Contudo, tal como um dono de uma loja não pode defender-se de um simples furto ao usar um lança-chamas contra o ladrão, a mãe também não pode usar violência desnecessária para defender a sua integridade física.

Isto significa, por um lado, que o aborto é inadmissível em situações de viabilidade, nas quais o bebé consegue sobreviver fora do útero da mãe. Por outro lado, também significa que os únicos processos abortivos aceitáveis seriam aqueles que meramente expulsam o feto do corpo da mãe, e em que a morte seria inadvertidamente uma consequência de o feto não ser viável e não conseguir sobreviver fora do útero materno.

Em resumo, podemos dizer que um embrião ou feto é uma pessoa plena dotada dos mesmos direitos individuais que qualquer outro indivíduo possui.

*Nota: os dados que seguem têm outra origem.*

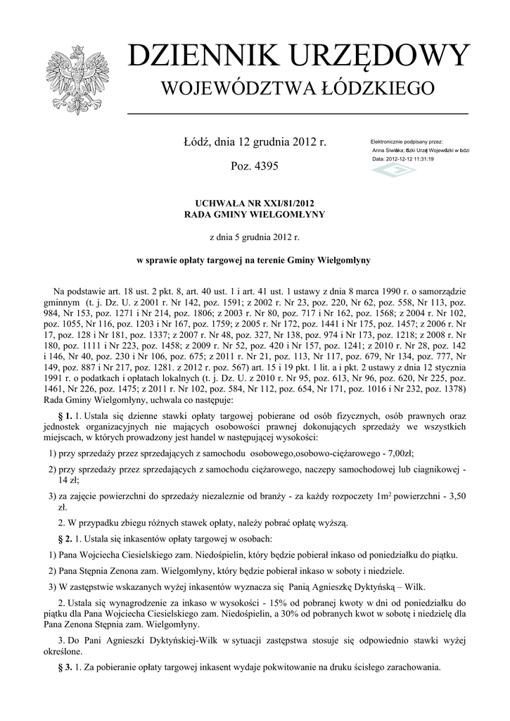 DZIENNIK URZĘDOWY WOJEWÓDZTWA ŁÓDZKIEGO Łódź, dnia 12 grudnia 2012 r. Elektronicznie podpisany przez: Anna Siwińska; Łódzki Urząd Wojewódzki w Łodzi Poz. 4395 Data: 2012-12-12 11:31:19 UCHWAŁA NR XXI/81/2012 RADA GMINY WIELGOMŁYNY z dnia 5 grudnia 2012 r. w sprawie opłaty targowej na terenie Gminy Wielgomłyny Na podstawie art. 18 ust. 2 pkt. 8, art. 40 ust. 1 i art. 41 ust. 1 ustawy z dnia 8 marca 1990 r. o samorządzie gminnym (t. j. Dz. U. z 2001 r. Nr 142, poz. 1591; z 2002 r. Nr 23, poz. 220, Nr 62, poz. 558, Nr 113, poz. 984, Nr 153, poz. 1271 i Nr 214, poz. 1806; z 2003 r. Nr 80, poz. 717 i Nr 162, poz. 1568; z 2004 r. Nr 102, poz. 1055, Nr 116, poz. 1203 i Nr 167, poz. 1759; z 2005 r. Nr 172, poz. 1441 i Nr 175, poz. 1457; z 2006 r. Nr 17, poz. 128 i Nr 181, poz. 1337; z 2007 r. Nr 48, poz. 327, Nr 138, poz. 974 i Nr 173, poz. 1218; z 2008 r. Nr 180, poz. 1111 i Nr 223, poz. 1458; z 2009 r. Nr 52, poz. 420 i Nr 157, poz. 1241; z 2010 r. Nr 28, poz. 142 i 146, Nr 40, poz. 230 i Nr 106, poz. 675; z 2011 r. Nr 21, poz. 113, Nr 117, poz. 679, Nr 134, poz. 777, Nr 149, poz. 887 i Nr 217, poz. 1281. z 2012 r. poz. 567) art. 15 i 19 pkt. 1 lit. a i pkt. 2 ustawy z dnia 12 stycznia 1991 r. o podatkach i opłatach lokalnych (t. j. Dz. U. z 2010 r. Nr 95, poz. 613, Nr 96, poz. 620, Nr 225, poz. 1461, Nr 226, poz. 1475; z 2011 r. Nr 102, poz. 584, Nr 112, poz. 654, Nr 171, poz. 1016 i Nr 232, poz. 1378) Rada Gminy Wielgomłyny, uchwala co następuje: § 1. 1. Ustala się dzienne stawki opłaty targowej pobierane od osób fizycznych, osób prawnych oraz jednostek organizacyjnych nie mających osobowości prawnej dokonujących sprzedaży we wszystkich miejscach, w których prowadzony jest handel w następującej wysokości: 1) przy sprzedaży przez sprzedających z samochodu osobowego,osobowo-ciężarowego - 7,00zł; 2) przy sprzedaży przez sprzedających z samochodu ciężarowego, naczepy samochodowej lub ciagnikowej 14 zł; 3) za zajęcie powierzchni do sprzedaży niezaleznie od branży - za każdy rozpoczety 1m2 powierzchni - 3,50 zł. 2. W przypadku zbiegu różnych stawek opłaty, należy pobrać opłatę wyższą. § 2. 1. Ustala się inkasentów opłaty targowej w osobach: 1) Pana Wojciecha Ciesielskiego zam. Niedośpielin, który będzie pobierał inkaso od poniedziałku do piątku. 2) Pana Stępnia Zenona zam. Wielgomłyny, który będzie pobierał inkaso w soboty i niedziele. 3) W zastępstwie wskazanych wyżej inkasentów wyznacza się Panią Agnieszkę Dyktyńską – Wilk. 2. Ustala się wynagrodzenie za inkaso w wysokości - 15% od pobranej kwoty w dni od poniedziałku do piątku dla Pana Wojciecha Ciesielskiego zam. Niedośpielin, a 30% od pobranych kwot w sobotę i niedzielę dla Pana Zenona Stępnia zam. Wielgomłyny. 3. Do Pani Agnieszki Dyktyńskiej-Wilk w sytuacji zastępstwa stosuje się odpowiednio stawki wyżej określone. § 3. 1. Za pobieranie opłaty targowej inkasent wydaje pokwitowanie na druku ścisłego zarachowania. Dziennik Urzędowy Województwa Łódzkiego –2– Poz. 4395 2. Opłata targowa pobierana jest w dniach, w których prowadzona jest sprzedaż. 3. Inkasent pobrane należności zobowiązany jest wpłacić do kasy Gminy Wielgomłyny, najpóźniej w następnym dniu roboczym po dniu, w którym dokonał pobrania opłaty targowej. § 4. Wykonanie uchwały powierza się Wójtowi Gminy Wielgomłyny. § 5. Traci moc uchwała Nr XXXII/62/09 Rady Gminy Wielgomłyny z dnia 12 listopada 2009 roku w sprawie opłaty targowej na terenie Gminy Wielgomłyny (Dz. Urz. Woj. Łódzkiego z 2009 r. Nr 378 , poz. 3240) oraz Uchwała Nr XX/76/2012 Rady Gminy Wielgomłyny z dnia 14 listopada 2012 r. w sprawie opłaty targowej na terenie gminy Wielgomłyny. § 6. Uchwała podlega ogłoszeniu w Dzienniku Urzędowym Województwa Łódzkiego i wchodzi w życie po upływie 14 dni od dnia ogłoszenia. Przewodniczący Rady Gminy Stanisław Łoś

Existem obrigações parentais legítimas resultantes das ações voluntárias de adultos que culminem na criação de uma pessoa vulnerável e dependente, que não consegue sobreviver sem suporte externo. Os pais devem cuidar dos seus filhos desde a sua conceção até à sua independência.

As ações inconscientes do feto sobre o corpo da mãe podem ser consideradas como uma forma não intencional de agressão, mas apenas se a mãe não tiver dado o seu consentimento de forma explícita ou implícita. Nestas situações, a mãe tem o direito a defender-se contra essa agressão, desde que respeite o princípio da proporcionalidade.

Para terminar, sempre que a mãe não tem o direito de usar força contra o embrião ou feto, qualquer aborto pode ser chamado por aquilo que realmente é: Homicídio.